O Cogito dos Sonâmbulos

Desta feita, a Casa Amaldiçoada é o reduto das moradias anteriores em formato de cômodo torto, em camadas de tristeza pela repetição da memória de sobrevivência. Na Casa Alienada, não há aprofundamento e reflexão, na Ressentida, falta a coerência coparticipativa e humildade. Na Utilitarista, não está presente o sentido de autonomia e escolha, e na Casa Desesperada, inexiste a possibilidade de diálogo construtivo e o sentido de equivalência. Em outras palavras, ingredientes bem definidos para a ampliação de nocivo aroma, quiçá destruidor da lucidez: o ódio, o temor e o torpor.

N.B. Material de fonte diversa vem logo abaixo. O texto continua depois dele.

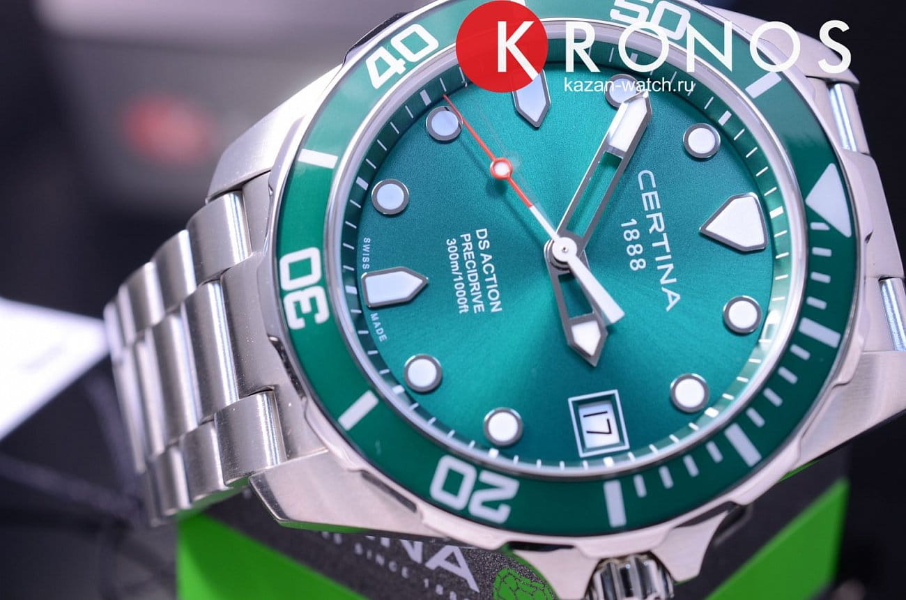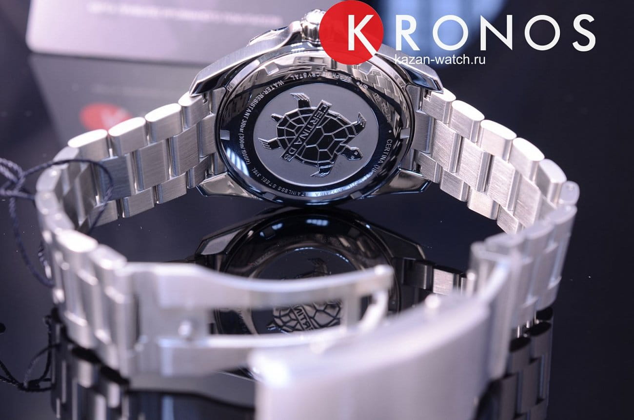 Часы отражают концепцию долговечности и практичности, использование инновационных материалов и высокоточного швейцарского калибра ETA F07.411 Precidrive™Precidrive™Инновационный кварцевый механизм Certina. Часы, оснащённые этим швейцарским калибром, приравниваются к точности к сертифицированным хронометрам, точность хода составляет +/-10 секунд в год. позволяет часам стильно выглядеть и сохранять безупречную работоспособность. Ударопрочный корпусУдаропрочный корпусМеханизм заключён в корпус, выполненный из современных материалов, устойчивых к ударам, механическим повреждениям и падению с высоты: инновационный пластик, карбон, нержавеющая сталь, титан. и браслет из стали, устойчивой к царапинам и повреждениям. Сапфировое стекло. Система Double SecurityDS ConceptDouble Security Concept, обозначает двойную надёжность и безупречную точность часов Certina. Двойная система защиты подразумевает обеспечение максимальной устойчивости к ударам и высоких показателей водонепроницаемости.. Вращающийся безельБезельВнешний ободок, закрепляющий стекло. В спортивных часах так называется поворотное кольцо с делениями на циферблате, выполняет роль таймера – замеряет отрезки времени на шкале. Неподвижный безель – элемент декора. Однонаправленно вращающийся безель на дайверских часах позволяет фиксировать моменты погружения и выныривания на поверхность.. Водонепроницаемость WR 300. Апертура даты, функция EOLEOLПредставляет собой систему, уведомляющую владельца часов о необходимости замены элемента питания. За 2 недели до полного разряда батарейки секундная стрелка перестаёт ходить чётко и начинает перепрыгивать на 3-4 деления.. «Умная» застёжка с удлинением для дайверовУдлинение для дайверовЗастёжка с удлинением для дайверов представляет собой безопасное крепление, которое позволяет надевать часы поверх гидрокостюма. Гибкая застёжка удлиняется на 1-2 миллиметра.. Диаметр корпуса: 41 мм.
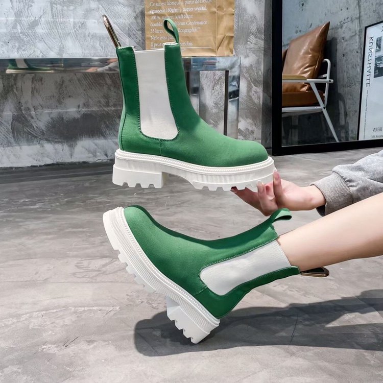 女鞋^靴^^^甘肃 兰州^欧洲站纯皮黄色靴女温州小众设计大黄靴子帅气英伦风单靴秋季
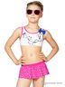 Новинка сезона Модный купальник, состоящий из двух предметов. Классический топ с широкими бретелями фиксируется на спине застёжкой из цветного пластика. Плавки с оригинальной мини-юбкой имеют комфортную посадку. Банты, подвеска "Мишутка" и сочетание принтов-компаньонов подчёркивают неповторимый стиль.
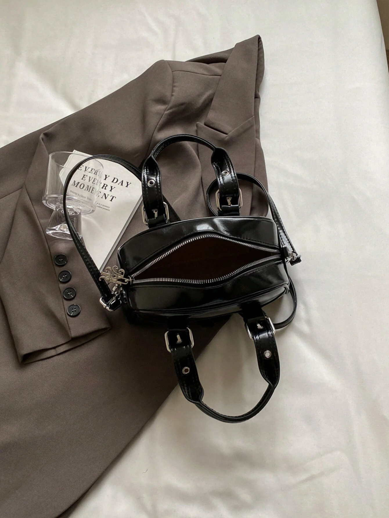 امنحي إطلالتك لمسة جريئة ولافتة مع هذه الحقيبة المصممة بروح البانك المدرسي. اللون النبيذي الغني، وخامة الباتشوورك الأنيقة، والحلقات المعدنية تضيف تفاصيل فريدة من نوعها. سهلة الحمل بفضل المقابض المزدوجة القابلة للتعديل، وحزام الكتف الطويل الذي يناسب تنقلك اليومي بسهولة وأناقة.
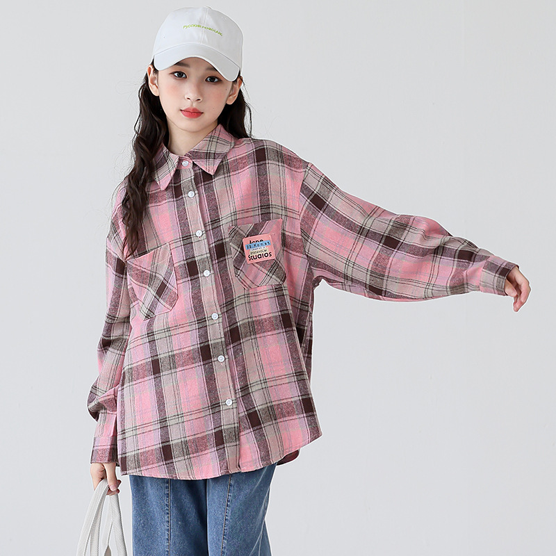 어린이 격자 무늬 긴팔 셔츠 봄, 가을 2022 느슨한 소녀 큰 어린이 대학 스타일 다목적 캐주얼 고품질 겉옷

Na Casa Amaldiçoada, uma coisa é certa: Feng Shui não funcionará, limpeza espiritual com ervas, cânticos amorosos e mantras de harmonia só farão gastar tempo e energia, radiestesia, gráficos radiônicos, cristais consagrados e Ba Guas pendurados se tornarão apenas alegorias. Pergunto até se, nesses casos, atrás da vela do Anjo da Guarda na quina de parede há um ser alado de férias. E como toda a maldição, esta nasceu do homem, e do homem necessitará para quebrá-lo. Mas não pelas mãos do mestre budista, feiticeiro, professor de Fei Xing ou pelo xamã abnegado. Mas sim pelo homem comum, aquele que se diz trabalhador honesto, que afirma apenas querer proteger a família e o futuro dos filhos, mas que esbraveja ira e juízo de valor ao receber ou enviar memes políticos no WhatsApp. Esse é o ser humano que poderá (e deverá) salvar essa edificação, através do reconhecimento da sua fragilidade e capacidade de revisão pessoal, diminuição da odiosidade e mudança da postura reativa, para uma perspectiva mais consciencial, inclusiva e abrangente. Se há uma cura no horizonte, que esta não venha de um acaso externo transcendente (“Se Deus quiser”), mas sim pela emanação de uma atitude mais lúcida do próprio morador.

É dito que existem muitas moradas na casa do Pai. Se isso é fato, quem são esses seres que defendem os direitos humanos apenas para os humanos direitos? Que fazenda celestial abismal seria essa? E se Deus está em casa e abençoa o meu lar, que Deus é esse que, afinal, mora em mim?